ERISA's Section 510 Not Violated If Fully Vested

October 18, 2002 (PLANSPONSOR.COM) - The U.S. District Court for the District of New Jersey ruled that an employer is not in violation of ERISA Section 510 if the pension in question is fully vested upon termination of the employee.

In the case –Devoy v. Tricomm Services Inc., D. N.J., No. 02-375 (JBS) – Justice Jerome Simandle issued asummary judgment stating Tricomm Services did not interfere with the rights to receive pension benefits, as claimed by plaintiff Michael Devoy in his challenge.

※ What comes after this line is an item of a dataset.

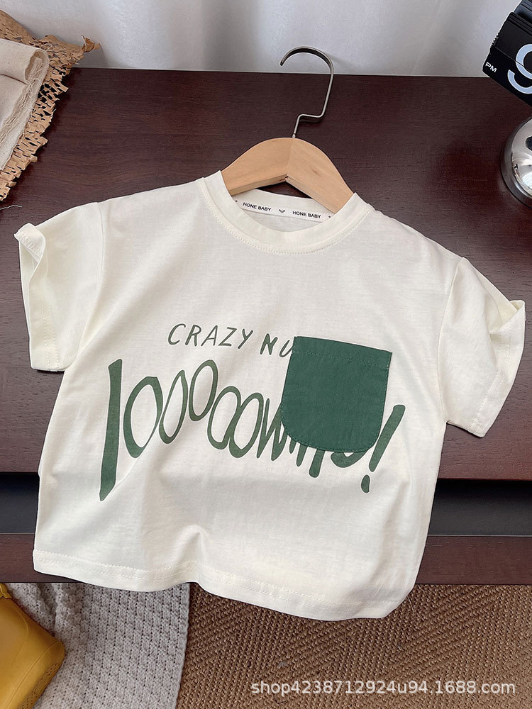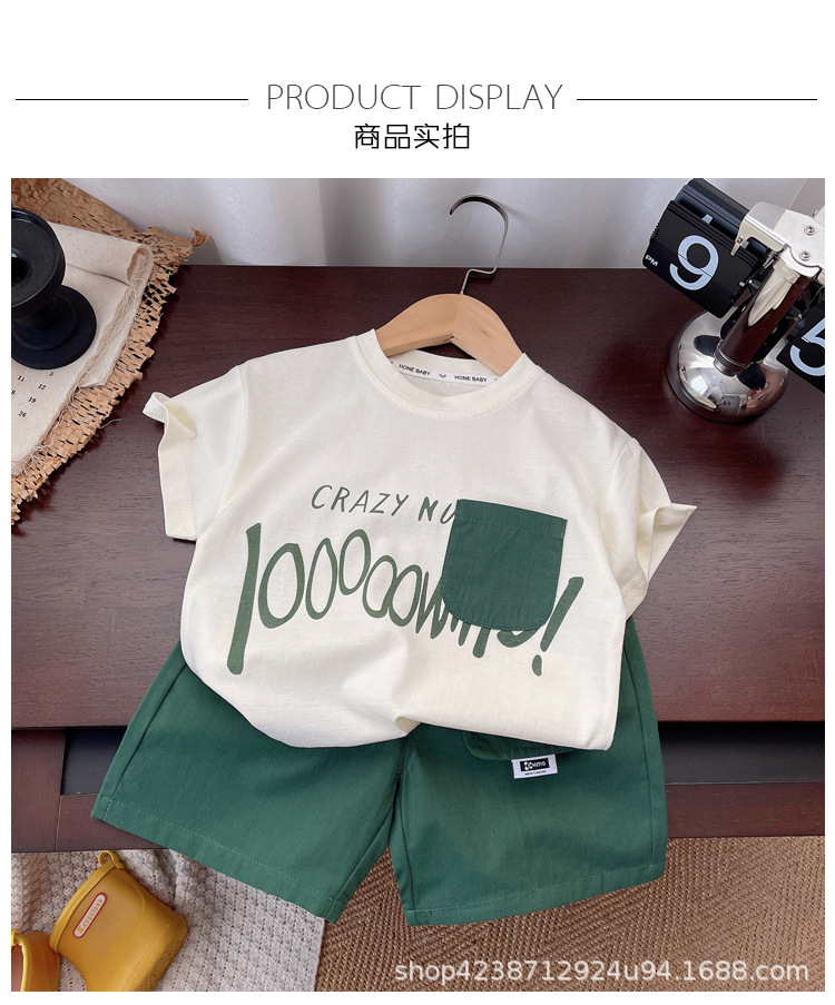 느슨한 톱 보이즈 세트 여름 한국식 캐주얼 알파벳 아동복 어린이 얇은 남성복스토어 가기

Devoy claimed a violation of ERISA Section 510, according to a report from Washington-based legal publisher BNA.

Michael Devoy was laid off by Tricomm in January 2000, where he had been employed as a telecommunications installer.   During his employment, Devoy contributed to Tricomm’s 401(k) plan, which functions as Tricomm’s pension plan.

Upon his termination, Devoy filed a grievance with the International Brotherhood of Electrical Workers, Local 380, of which he was a member.

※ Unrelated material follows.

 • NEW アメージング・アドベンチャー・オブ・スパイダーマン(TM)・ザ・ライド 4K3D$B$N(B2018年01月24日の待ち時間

In his judgment, Justice Simandle said that since Devoy had already vested in his 401(k), he could not establish a Section 510 claim.   For a violation of Section 510 to occur an employer must engage in conduct which prohibits the attainment of any right to which an employee may be entitled.  

Under the guidelines of Tricomm’s 401 (k) plan, after six years of employment an employee is considered vested, a level Devoy had obtained at the time of his termination.   Another claim by Devoy regarding the termination was considered irrelevant since he was already vested in the plan.